- Giulia Millanta singing and playing guitar on stage

Background information
- Genres: Alternative Folk, Indie-folk, Americana,
- Occupations: singer, songwriter, musician, writer, producer
- Instruments: vocals, guitar, ukulele, baritone guitar
- Years active: 2008–present
- Labels: Cavernjatt Records, Ugly Cat Music, Audioglobe
- Website: https://www.giuliamillanta.com

= Giulia Millanta =

Giulia Millanta is an Italian-American Indie-Folk and Americana singer-songwriter from Austin, Texas.

A vocalist and guitarist, she also plays upright bass and ukulele and sings in four languages (English, Italian, Spanish and French).
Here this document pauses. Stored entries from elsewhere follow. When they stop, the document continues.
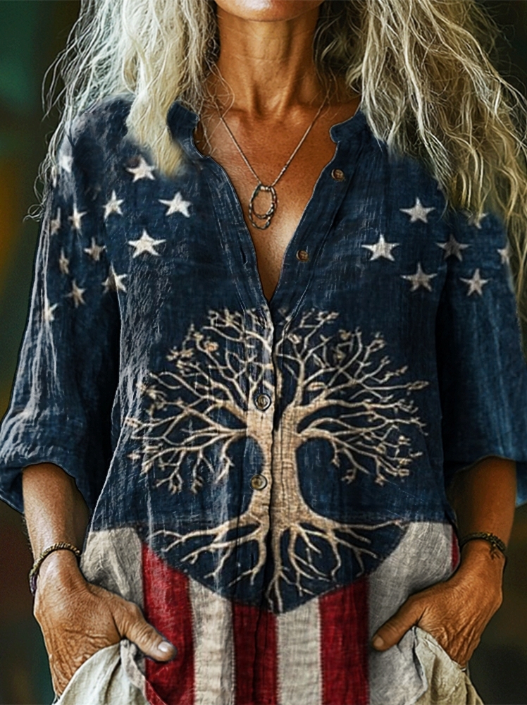 Women's National Tree of Life Flag Art Print Casual Cotton Linen Shirt
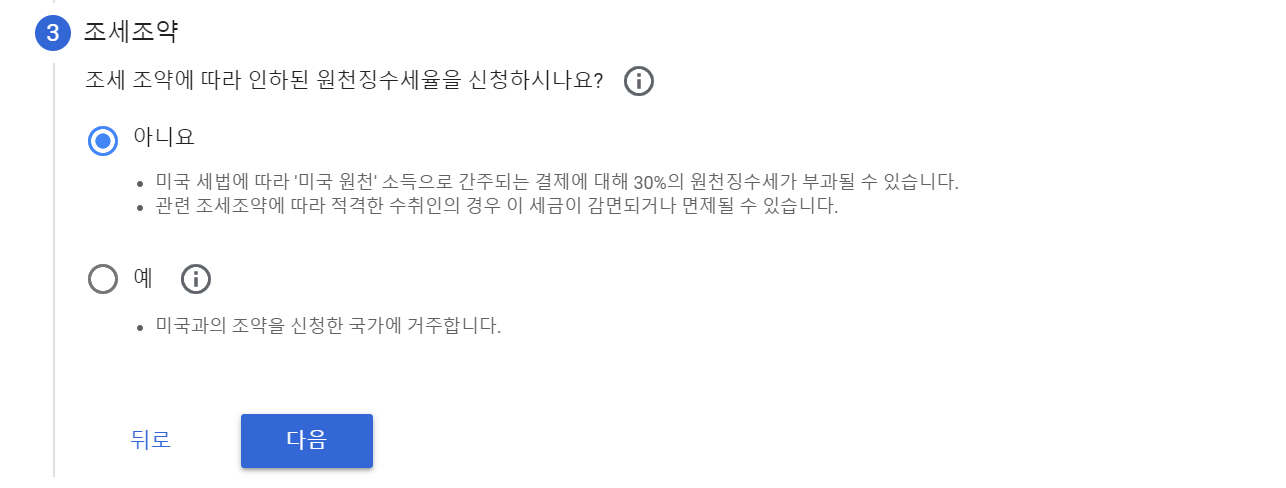 마지막으로 미국에서 광고 수익이 발생했다면 "예"를 선택하세요.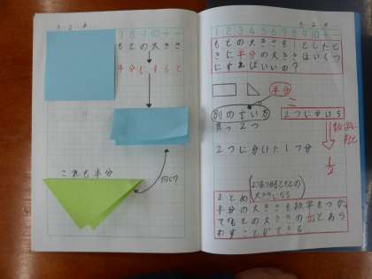 子どもたちとたくさん会話をしながら半分の表し方を考えました。
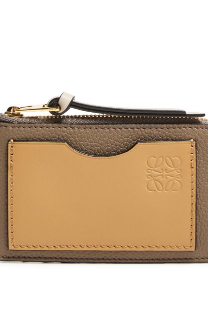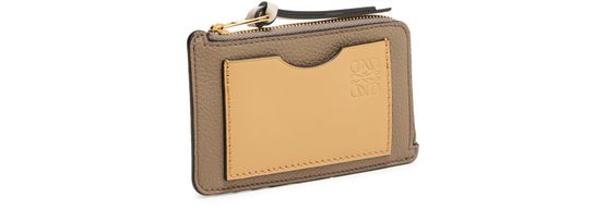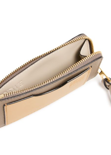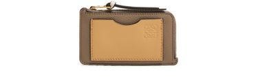 Reveal Loewe's coin cardholder in soft grained calfskin, featuring the iconic Anagram medallion and a refined padded texture. The sleek design includes a secure zipper closure, visible stitching, and interior slots for cards, all finished with an embossed logo for a sophisticated touch.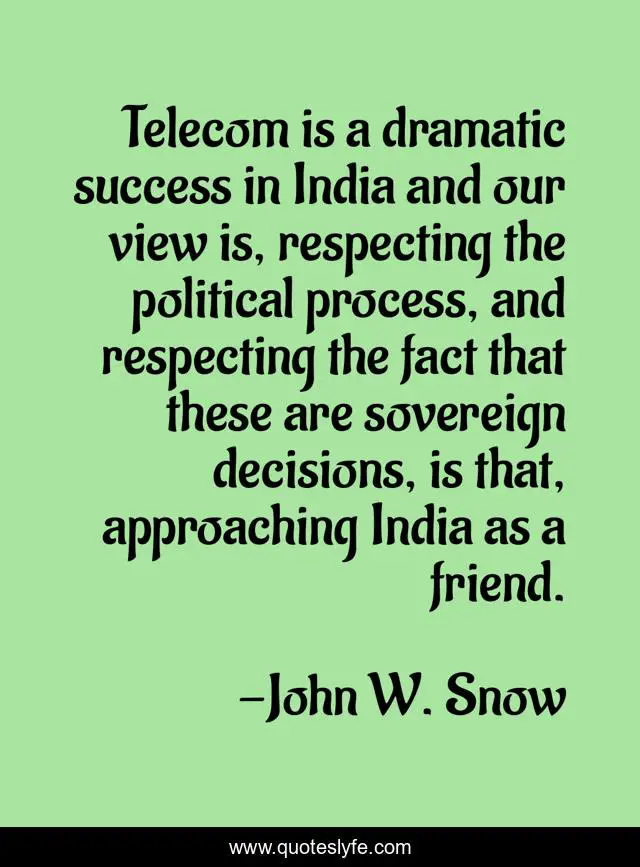 This page presents the quote "Telecom is a dramatic success in India and our view is, respecting the political process, and respecting the fact that these are sovereign decisions, is that, approaching India as a friend.". Author of this quote is John W. Snow. This quote is about decisions, political, friend,.
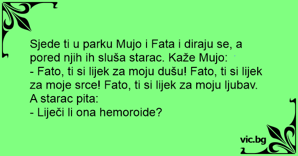 Sjede ti u parku Mujo i Fata i diraju se, a pored njih ih sluša starac. Kaže Mujo:
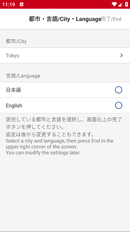 下载并安装日本航空APP,打开后进入“都市・语言”选择页面;
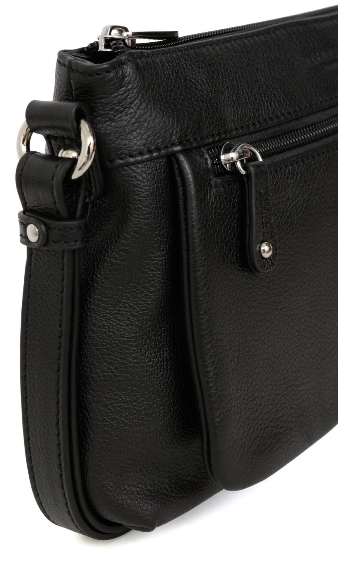 Sac porté travers en cuir de vachette grainé . IL se porte travers , sa bandoulière est réglable (72,5 cm mini / 132 cm maxi). Très sécurisant avec sa Fermeture zippée, l’intérieur est doublé Synthétique.Ses Finitions sont de couleur argent brillant. Sur l’Extérieur , on retrouve une petite poche avant zippée et une poche arrière plate zippée elle aussi . A l’intérieur , vous avez un compartiment principal avec une poche de séparation zippée, une poche plate zippée et un compartiment téléphone .
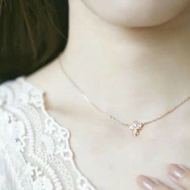 人们都说女孩子都是降临人间的小天使✨每个女孩都值得最好的宠爱💕,这个项链很好的诠释了这句话。 🤔它是那种锁骨链,项链主体刚好在锁骨窝窝里,小小的吊坠超级精致,项链是超级显白的玫瑰金,特别耐磨而且带很久也不会有磨损不亮的情况。 🙊重点是超级闪,女孩子可能天生就喜欢闪闪的东西吧。四颗奥地利仿水晶石在阳光底下折射的亮度贼好看!让你整个人都闪闪发光~ 😏马上就到夏天了,它可以百搭好多仙气小裙裙,戴着它就像...

She has been described by Michael Greenblatt of The Aquarian Weekly as "deeply evocative with a dash of Piaf, a sprinkle of Lady Day, a pinch of Norah Jones and a teaspoon of Madeleine Peyroux." "She has been called smart, eclectic, adventurous and cool, and credited with psychedelic grooveability whilst 'baring her clairvoyant soul' to 'deliver musical mojo.

She has released eight solo albums to date and regularly tours throughout the US and Europe.

== Early life ==
Giulia started playing the guitar at an early age when her father showed her the first few chords and taught her how to play some traditional songs.

At the age of thirteen, a life-threatening horse accident caused her to spend a month and a half in the hospital to recover from a coma due to a skull fracture. That event left a mark and, even though she was young, she promised herself she would always live her life at the fullest.

She has always had an inclination to travel and explore the world. She first moved to the mountains in Tuscany to work as a horse trainer and touring guide. Then she spent a year and a half in Barcelona, Spain (2005–2006) playing music and busking. Returned in Florence, she got her degree in general medicine, summa cum laude, from the University of Florence in 2007, but never practiced the profession.

In her late twenties, she started performing in bars and clubs and she began to write her own songs.

== Career ==
In 2008 Giulia signed with the Florentine label Cavern Jatt Records and debuted with Giulia and the Dizzyness, an electronic-folk-experimental project featuring Italian musicians such as Mario Arcari (Fossati), Matteo Addabbo, and Ettore Bonafè.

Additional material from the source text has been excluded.